Have you ever played the game two truths and a lie? Isn't it fun? I think so. I like to come up with quirky things about myself that people don't know. I find it interesting what you don't know about people. To me, it doesn't seem half as much fun when people know everything about you. It takes away the element of surprise! I came from a place where everyone knew me, to a place where no one knew me. Recently, I have gotten to decide how much to share about myself - and it is definitely a different lifestyle. I believe that interesting information about yourself should be worked into conversation, not just laid on a platter when you first meet someone. For example, when I got to college, I didn't share that I lived on a farm. There was no reason to share it, so I didn't! When one of my new friends found out, he said, "Wow, I would not have pegged you for a farm girl." Sure, I may not wear the signature boots or listen to country music, but it was interesting that it did not fit my "character," or the judgment of my exterior. In theater, they teach you that each person has a set of roles they can play. As I am not a theater major, the boy who told me this also explained that he fit the roles of characters like the villain, the boy next door, or a warrior. I liked that there was more to me than met the eye, and that's when I saw the bright side of being a closed book.
The strongest argument in favor of being an "open book" is because these people believe they have nothing to hide. Everyone knows their game and what they are about. It's all on the table. At the same time, nothing is private! There are no secrets, supposedly. To me, this seems too simple of a life story. When I ask you to tell me something I don't know about you, I want something with substance. Not a shrug of the shoulders because everyone knows everything about you.

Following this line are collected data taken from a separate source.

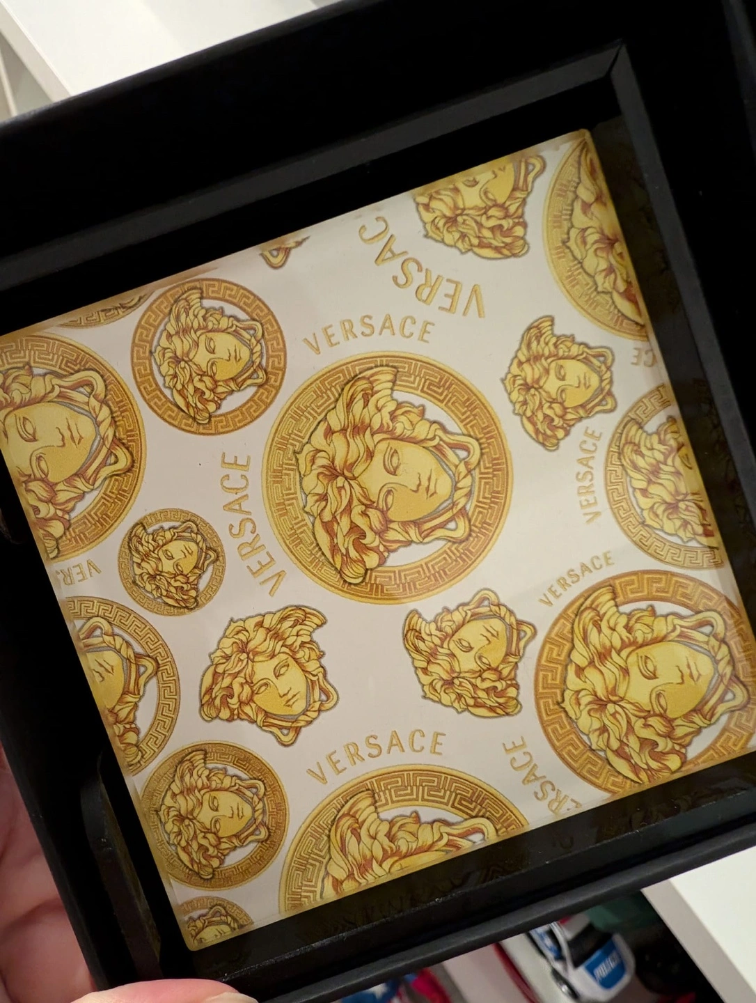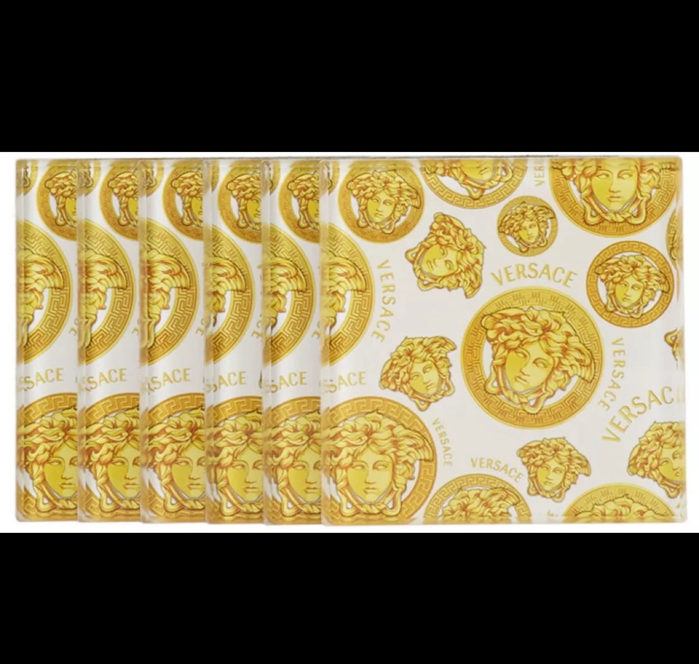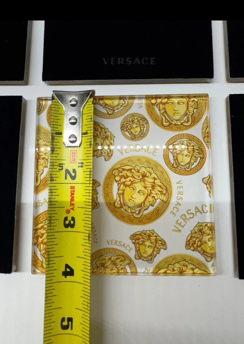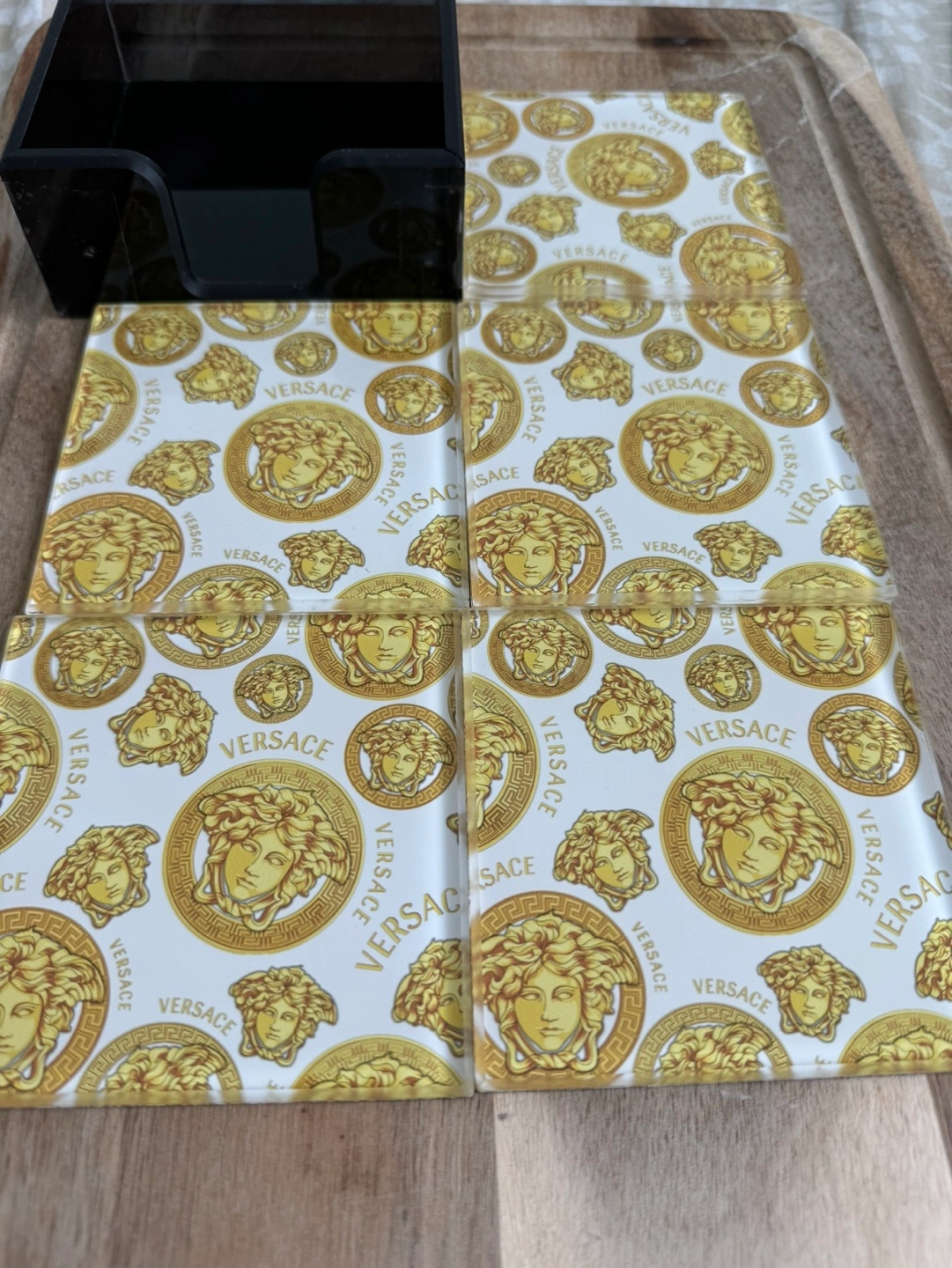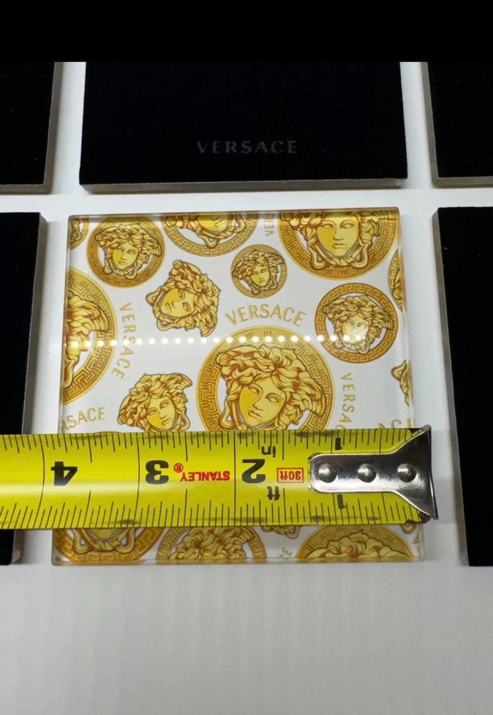 5 square glass coasters. Features a repeating Versace Medusa head pattern in gold on a white background. Come with a black holder. Approximately 4 inches square. New in box The box is little damaged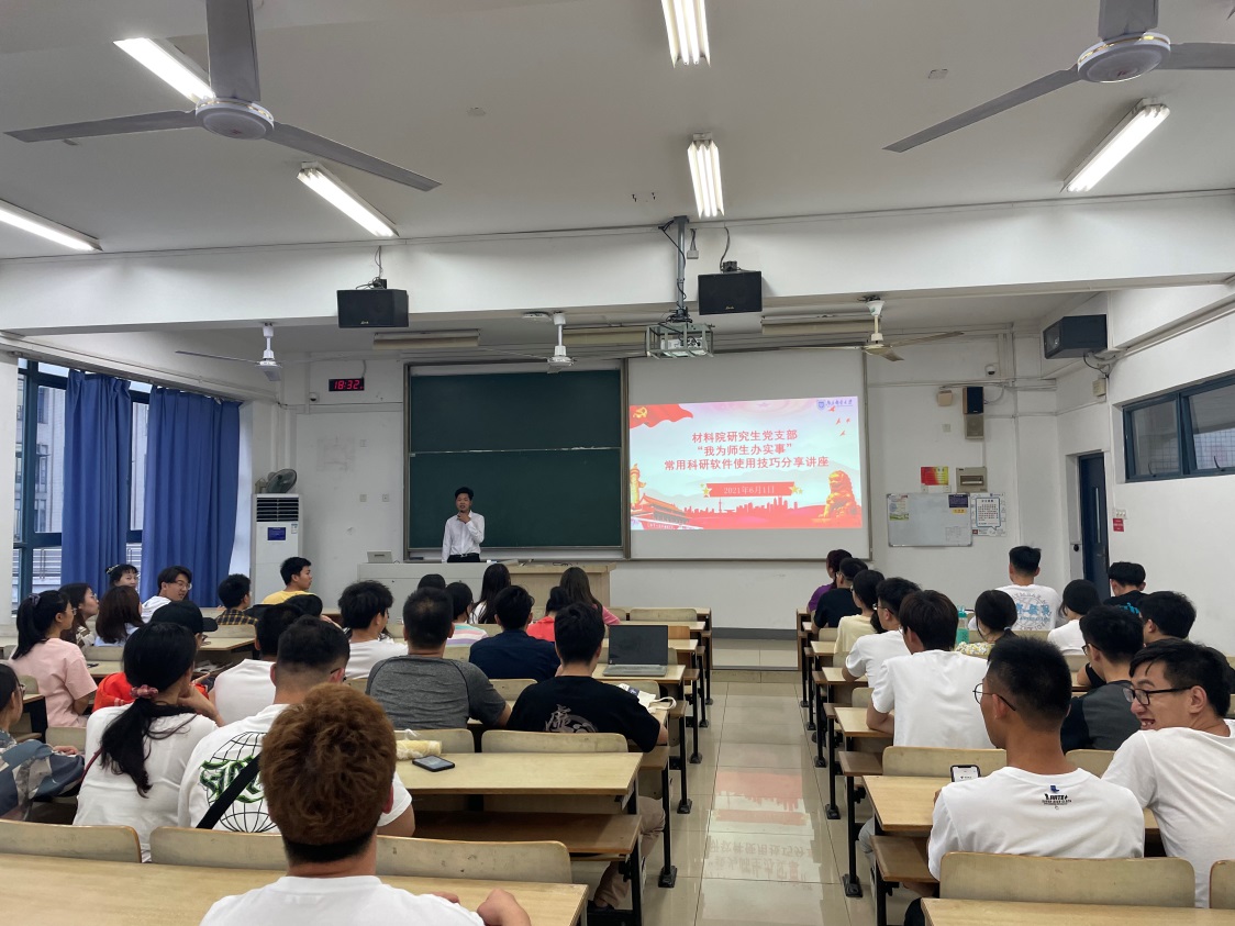 材料学院研究生支部、生物电子所支部以及博士支部,以科研为导向,把握学院特色,紧紧围绕大家反馈的与科研相关的问题,邀请钱洁、赵强和韦传新三位博士研究生进行了“软件助力科研梦”常用科研软件使用技巧分享的主题讲座,为学院广大研究生讲授他们在科研过程中运用的软件,分享使用心得和应用技巧。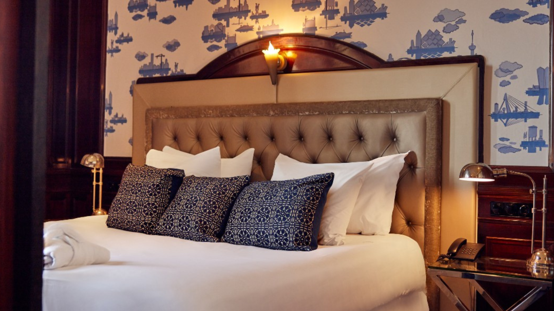 De WOW Suite kijkt uit over de Maas en is de grootste nostalgische hotelkamer van Hotel New York. De houten lambriseringen en authentieke open haard herinneren aan de bewogen tijd van de Holland Amerika Lijn. Door de moderne inrichting, televisie en Delfts blauwe inrichting is de kamer een prachtige mix van toen en nu. Over de gehele lengte van de kamer heb je ramen waardoor het uitzicht over de Maas geweldig is! De hoge stoel met verrekijker maakt de kamer helemaal af.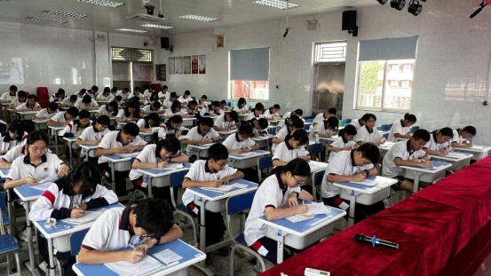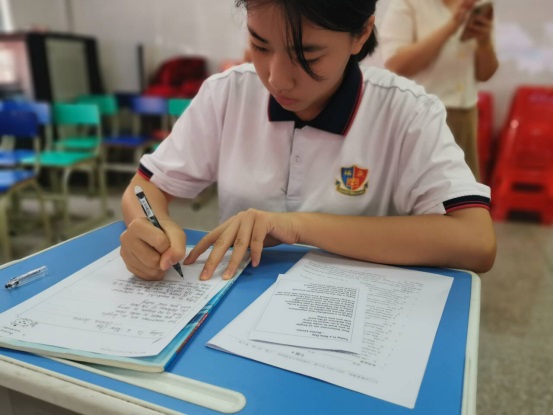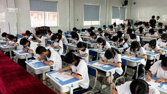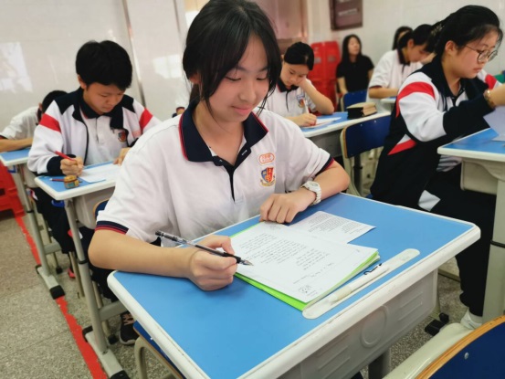 本次比賽要求:書寫卷面整潔美觀,字母、單詞、句子書寫規(guī)范、標(biāo)點符號、字間距等提出了具體的要求。比賽中,所有學(xué)生神情專注,他們用心執(zhí)筆,字母橫平豎直,圓潤飽滿,單詞間距勻稱,句子書寫規(guī)范、美觀。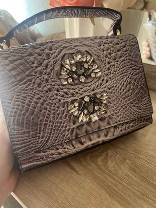 Bolso de mano con un diseño sofisticado y detalles brillantes. - Textura imitación piel de cocodrilo. - Adornado con pedrería en la parte frontal. - Asa corta para llevar en la mano o muñeca.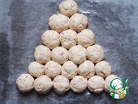 Далее от теста отщипывать кусочки, сформировать шарики величиной чуть больше грецкого орешка и выложить на противень, застеленный бумагой для выпечки и смазанный оливковым маслом, в виде елочки. |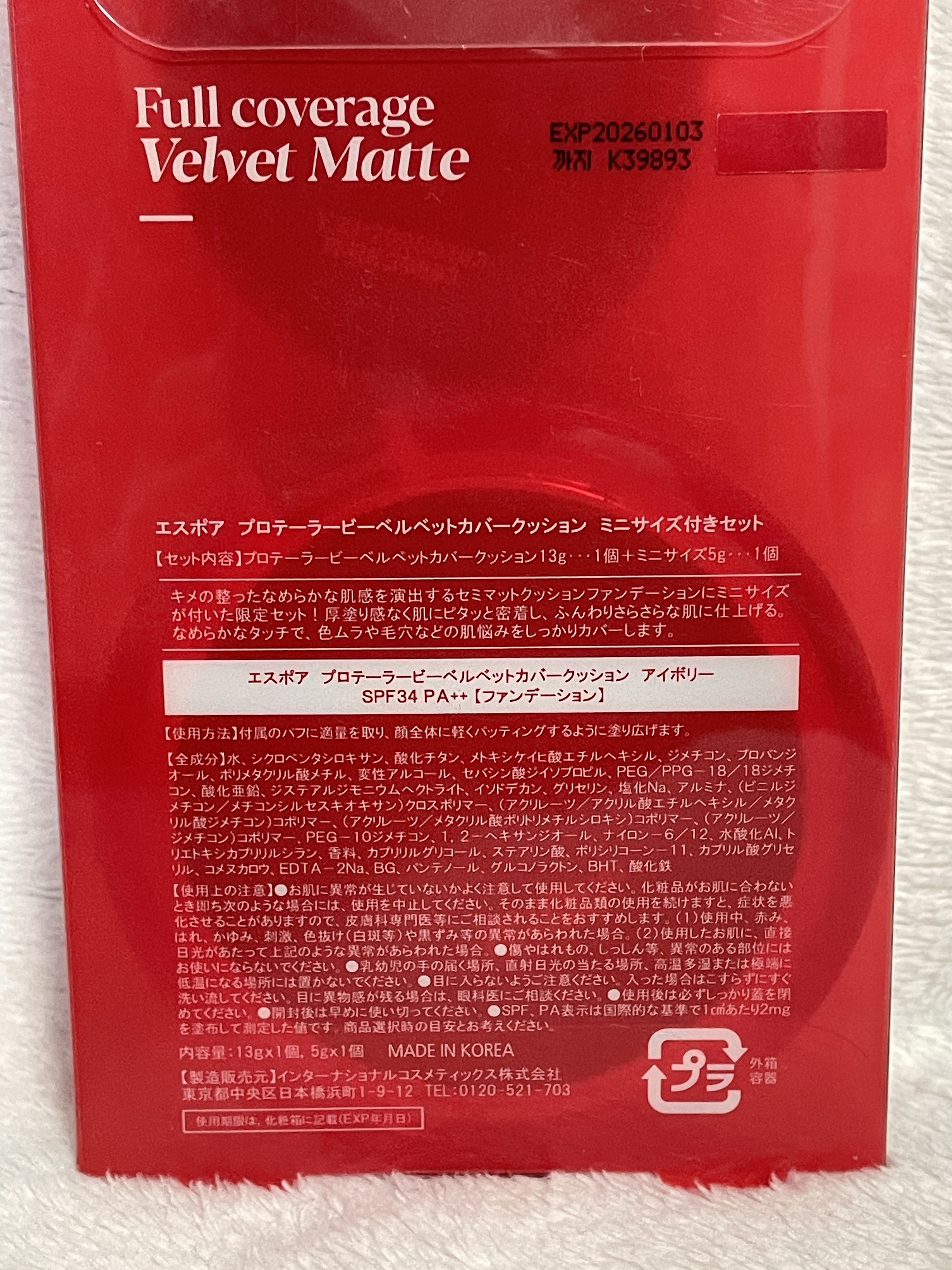 - <20 バニラ> 酸化亜鉛、水、酸化チタン、BG、グリセリン、ジメチコン、香料、水酸化Al、酸化鉄、メトキシケイヒ酸エチルヘキシル、アルミナ、ステアリン酸、プロパンジオール、カプリリルグリコール、トリエトキシカプリリルシラン、イソドデカン、シクロペンタシロキサン、ジステアルジモニウムヘクトライト、PEG/PPG-18/18ジメチコン、カプリル酸グリセリル、パンテノール、PEG-10ジメチコン、1,2-ヘキサンジオール、EDTA-2Na、BHT、塩化Na、ポリシリコーン-11、ポリメタクリル酸メチル、コメヌカロウ、変性アルコール、(ビニルジメチコン/メチコンシルセスキオキサン)クロスポリマー、グルコノラクトン、セバシン酸ジイソプロピル、(アクリレーツ/ジメチコン)コポリマー、(アクリレーツ/メタクリル酸ポリトリメチルシロキシ)コポリマー、(アクリレーツ/アクリル酸エチルヘキシル/メタクリル酸ジメチコン)コポリマー、ナイロン-6/12 <23 ベージュ> 酸化亜鉛、水、酸化チタン、BG、グリセリン、ジメチコン、香料、水酸化Al、酸化鉄、メトキシケイヒ酸エチルヘキシル、アルミナ、ステアリン酸、プロパンジオール、カプリリルグリコール、トリエトキシカプリリルシラン、イソドデカン、シクロペンタシロキサン、ジステアルジモニウムヘクトライト、PEG/PPG-18/18ジメチコン、カプリル酸グリセリル、パンテノール、PEG-10ジメチコン、1,2-ヘキサンジオール、EDTA-2Na、BHT、塩化Na、ポリシリコーン-11、ポリメタクリル酸メチル、コメヌカロウ、変性アルコール、(ビニルジメチコン/メチコンシルセスキオキサン)クロスポリマー、グルコノラクトン、セバシン酸ジイソプロピル、(アクリレーツ/ジメチコン)コポリマー、(アクリレーツ/メタクリル酸ポリトリメチルシロキシ)コポリマー、(アクリレーツ/アクリル酸エチルヘキシル/メタクリル酸ジメチコン)コポリマー、ナイロン-6/12
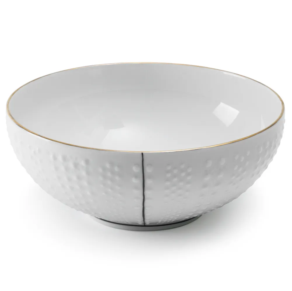 Molecot’s sophistication arrives by way of its founders, three Spanish businesswomen and friends, who sought to augment the art of entertaining with fine tableware. Taking inspiration from trips across the world, fashion, and art, every occasion becomes unique with these pieces’ embrace of both tradition and contemporary style. The Coral series is distinguished by its finesse, wherein the contrast of the scalloped, black edges stand out against its golden border finish. Crafted in Limoges porcelain and hand-painted, the Coral Large Salad Bowl is ideally elegant for serving salads to the whole family, displaying fruit, and more.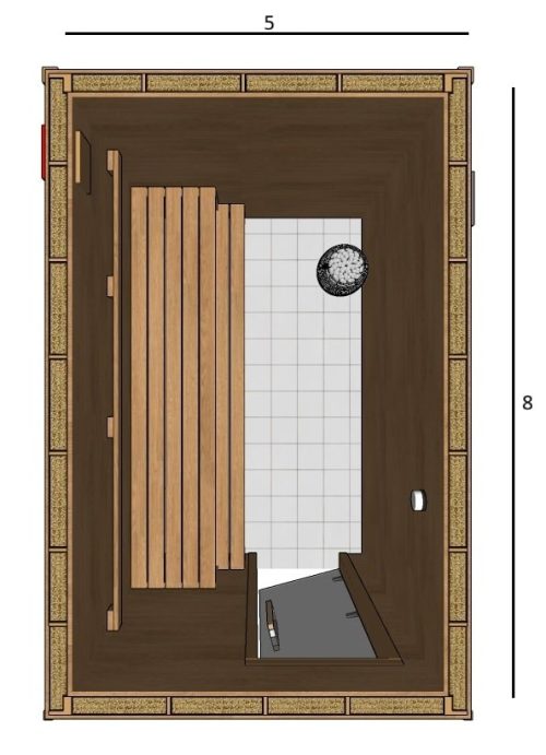 8×5 Custom Indoor Sauna Kit – lower bench 8 inch wide

I prefer being a "closed book", if you will. The things I share are tokens of my trust, but I do not hide things about myself. The more we talk, the closer we will get, and therefore, the more you will know about me. Trust should be built and earned, not handed out. Plus, people that are more of a closed book are great at keeping secrets. If we can keep to ourselves about our own lives, then we can sure keep quiet about yours. We don't feel the same urge to share all of our information and understand that over-sharing can bite you in the butt, especially when it involves other people. I respect what people decide to share; it is their life. I like to think of secrets as a metaphor to currency. We each exchange "tokens of trust" throughout our days - collecting and giving. Everyone has a different story, you just have to take the time to listen.